Timely Local Surveillance of Opioid-Related Deaths Using Medical Examiner Data - Multnomah County, Oregon

Tuesday, June 24, 2014: 10:30 AM
109, Nashville Convention Center
Maayan S Simckes , Multnomah County Health Department, Portland, OR
Amy D Sullivan , Multnomah County Health Department, Portland, OR
Jaime Walters , Multnomah County Health Department, Portland, OR

BACKGROUND:  Over the past two decades, opioid-related deaths (ORDs) have become an increasingly prominent public health issue in the United States. Local public health agencies continue to struggle with response and community-based interventions, partially due to a lack of reliable and up-to-date surveillance data for ORDs. National and state agencies can rely on delayed information to produce broader descriptive reports, but for effective and immediate response, local agencies require more timely surveillance tools like those used for syndromic surveillance of infectious disease. Multnomah County Health Department (MCHD) in Portland, Oregon, has historically relied on analysts to manually sort through ORD Medical Examiner (ME) cases in Excel, to produce ad hoc reports and respond to media requests. However, the acceptability of the system is low among MCHD staff, prompting an evaluation of the system and development of a more effective surveillance technique. 

METHODS:  An evaluation of this surveillance system was conducted using the 2001 CDC Updated Guidelines for Evaluating Public Health Surveillance.
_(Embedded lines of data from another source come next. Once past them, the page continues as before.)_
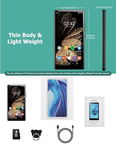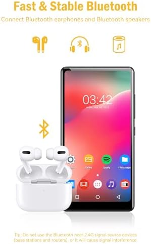 AGPTEK 40GB MP3 Player with Bluetooth and WiFi, 4'' Full Touch Screen MP4 Player with Spotify, Android Online Music Player with Speaker, FM Radio - Model: T05(Black)
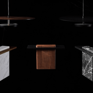 - Available in walnut veneer or matte black finish
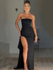 Victoria’s Vogue Strapless Backless High Split Maxi Dress For Women Black Off-shoulder Sleeveless Bodycon Club Party Long Dress Clothes
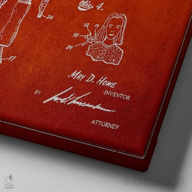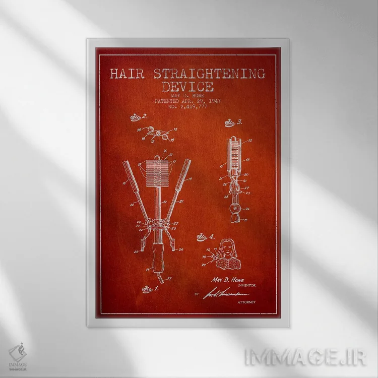 تابلو طرح حق ثبت اختراع صاف‌کننده مو قرمز اثر پیکسل کهنه (استودیو/نام هنری) - نمای روبه‌رو روی دیوار
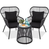 3-Piece Patio Wicker Conversation Bistro Set w/ 2 Chairs, Glass Top Table
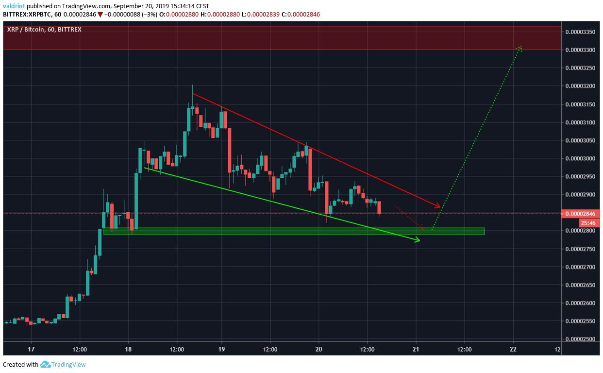 Looking closer at the hourly chart we can see that XRP has been trading inside a descending wedge since reaching the aforementioned high on September 18.
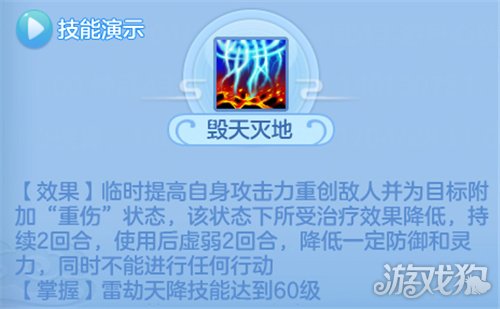 毁天灭地是天宫高伤害爆发技能,使用后会虚弱2回合,因为释放前提还需要五点愤怒,所以在pk的时候使用的比较少,在pve中还是一个值得重视的技能。
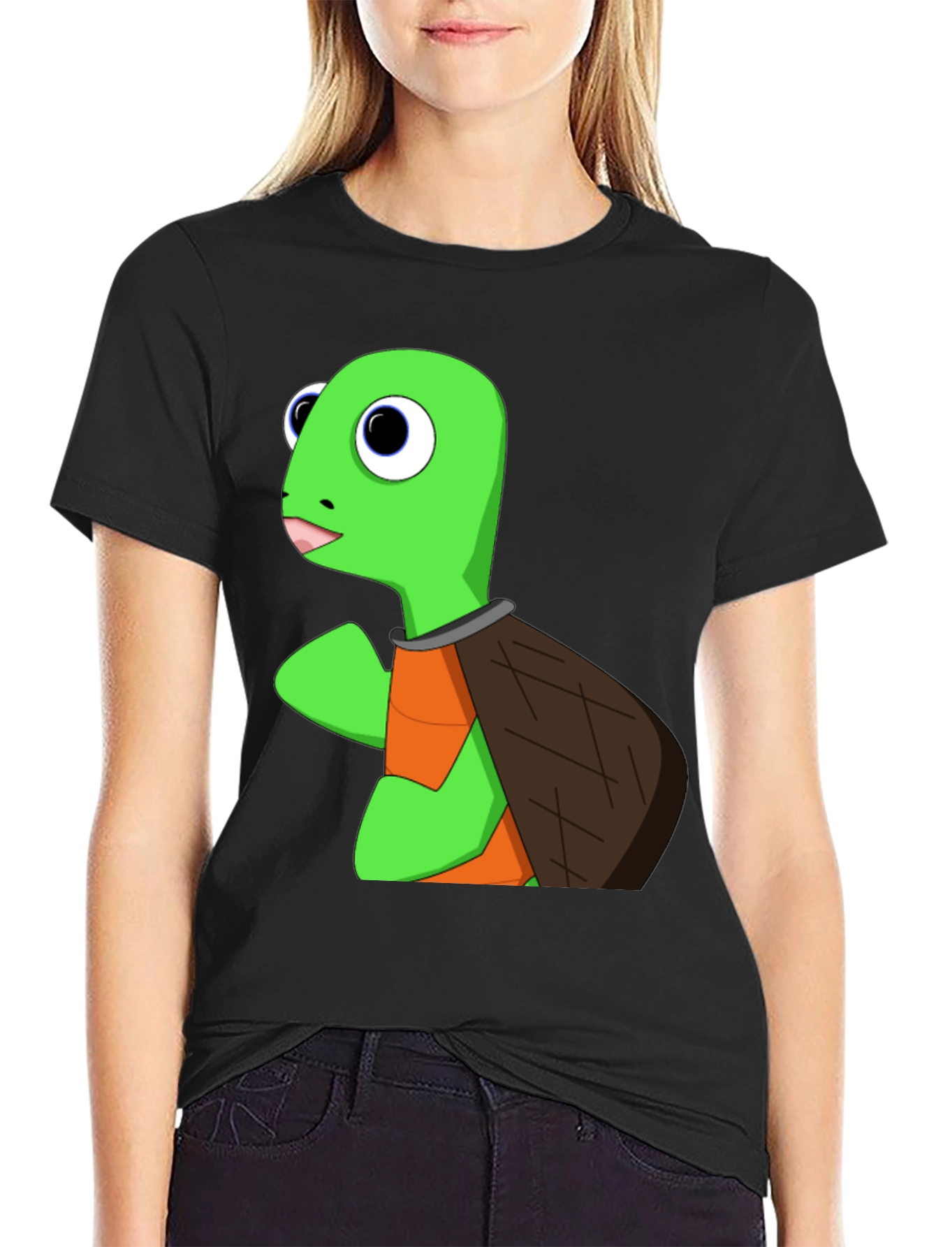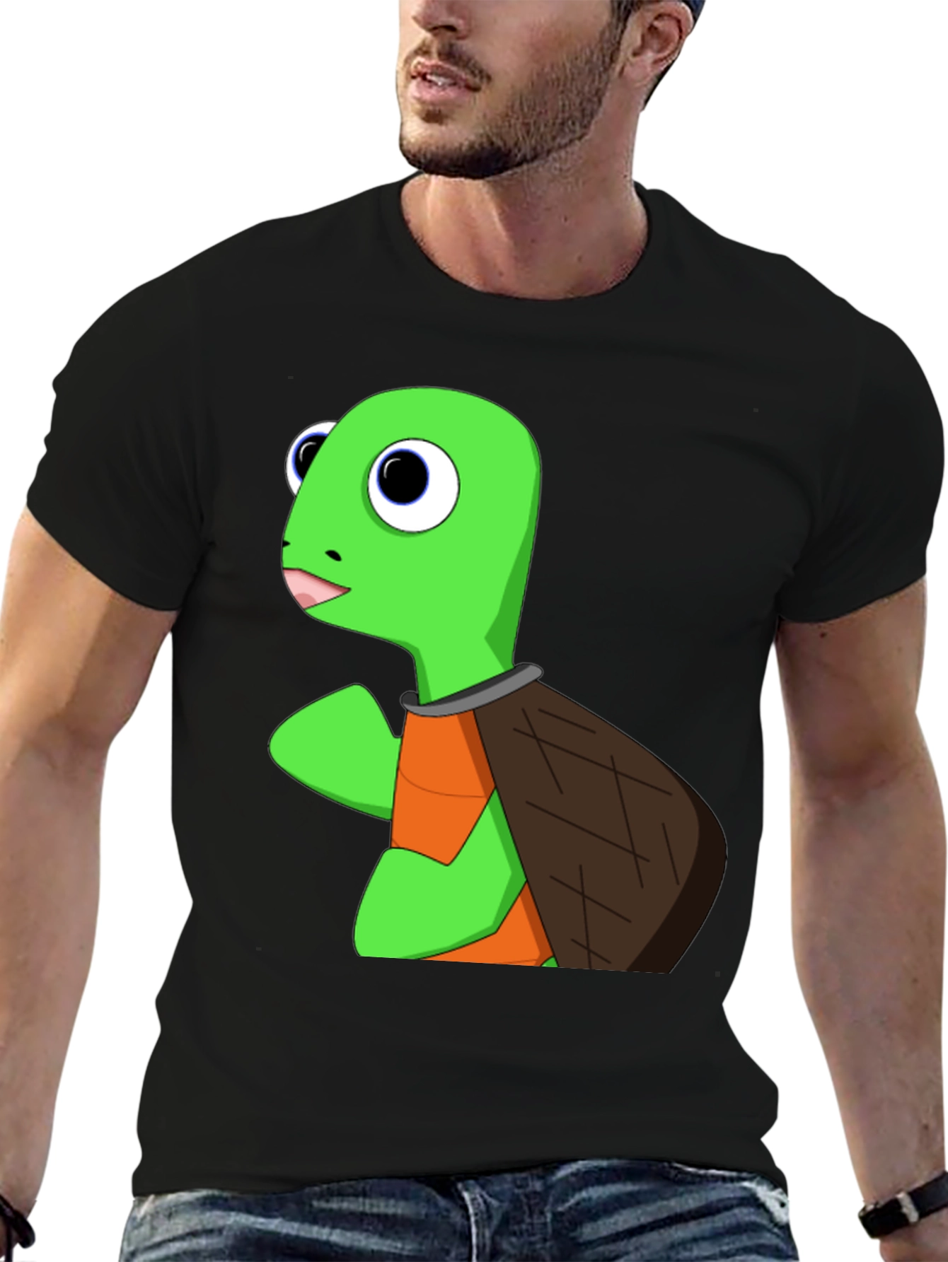 Show off your fun side with this unique black t-shirt featuring a colorful cartoon turtle graphic. The design showcases a bright green turtle with an orange undershirt and brown shell, rendered in a playful, eye-catching style. Made from a comfortable-looking fabric, this tee is perfect for casual wear, whether you're lounging at home, hanging out with friends, or making a statement wherever you go. The bold graphic is sure to spark conversations and bring a smile to anyone's face. Add a touch of whimsy to your wardrobe with this fun and quirky t-shirt!

With no gold standard for comparison of system sensitivity, an automated text-search method was developed in SAS 9.3 and applied to the ME data, allowing for comparison with the historic method. 

RESULTS:  The evaluation indicates the ORD surveillance system at MCHD is sensitive compared to the SAS method, but it is also time-consuming, complicated, and poorly accepted by system users. Inconsistent coding practices for “cause of death” variables in ME records further diminish the quality of the data for epidemiologic use and complicate case definitions. In comparison, the automated system is timelier, more sensitive, has improved simplicity, and uses text-search methods to more efficiently abstract ORDs from ME data. 

CONCLUSIONS:  Timely surveillance of ORDs should be used to inform public health response and evaluate effectiveness of interventions, policies, and programs. Informatics and data sharing play an increasingly important role in surveillance methodology. Collaboration between local health departments, police, medical examiners, and emergency medical response agencies can yield more comprehensive surveillance tools. For immediate use at the local level, opiate-death surveillance can utilize these rapidly updated data sources through efficient abstraction, matching, and analysis techniques. Updated surveillance systems rooted in ME data should employ case definitions and measures that can capture true ORDs even when “cause of death” codes may not be entirely conclusive.